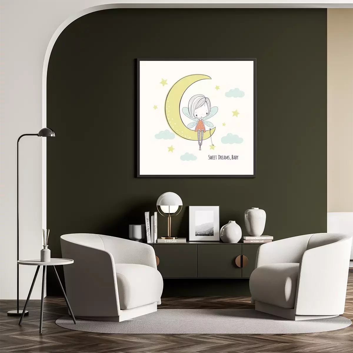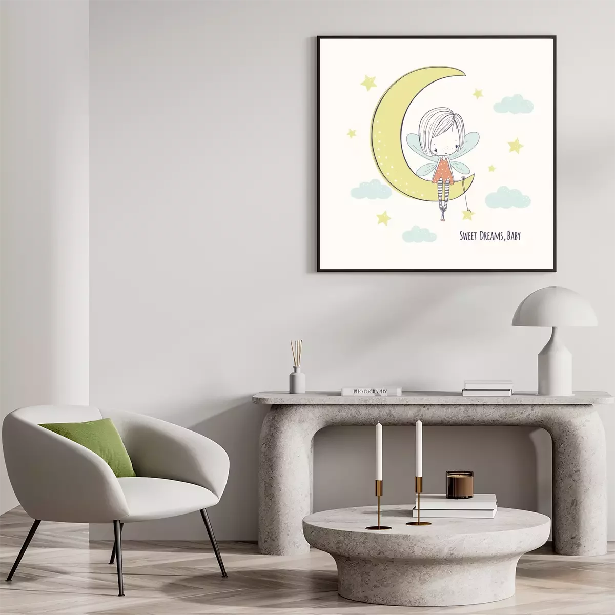 Poster: Fee auf dem Mond mit einem Stern an ihr befestigt
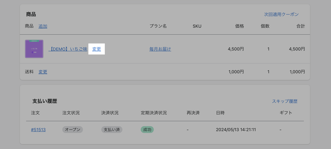定期契約作成後、ストア管理画面上の定期契約にも2回目以降の商品が表示されます。
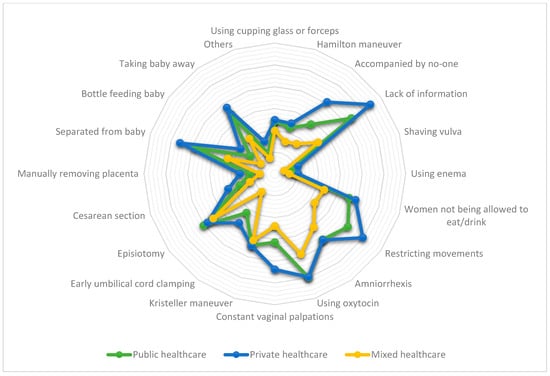 Figure 1. Interventions while giving birth according to received healthcare type.

===============

→ **EXERCISE DESCRIPTION**
With all pictures omitted, return the lines from the line containing "定期契約作成後、ストア管理画面上の定期契約にも2回目以降の商品が表示されます。" through the closing line of the listing above, exactly and inclusive.

→ **WRITTEN RESPONSE**
定期契約作成後、ストア管理画面上の定期契約にも2回目以降の商品が表示されます。
 Figure 1. Interventions while giving birth according to received healthcare type.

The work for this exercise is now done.